__What to do__.
The copy must match the data word for word and contain no pictures.

__Data segment__.
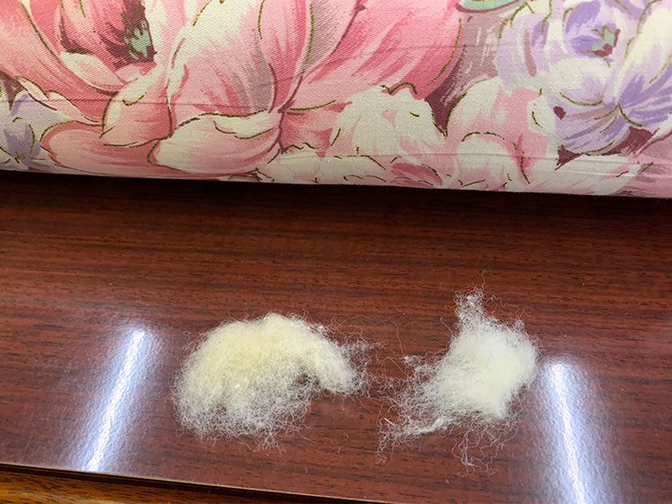 中身を空けて綿の状態を確認したところ、かなり元気が失われている状態でしたので、半分だけ打ち直して再利用し半分を新しい綿で作らせて頂くことにしました
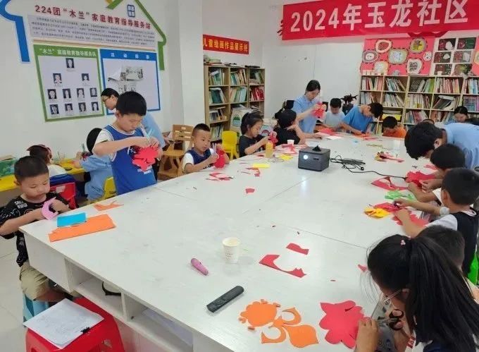 图为社区儿童动手剪纸。通讯员 李浩 摄
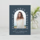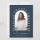 Geometric modern typography elegant navy blue photo arch graduation announcement card.

__Solution to the exercise__.
 中身を空けて綿の状態を確認したところ、かなり元気が失われている状態でしたので、半分だけ打ち直して再利用し半分を新しい綿で作らせて頂くことにしました
 图为社区儿童动手剪纸。通讯员 李浩 摄
 Geometric modern typography elegant navy blue photo arch graduation announcement card.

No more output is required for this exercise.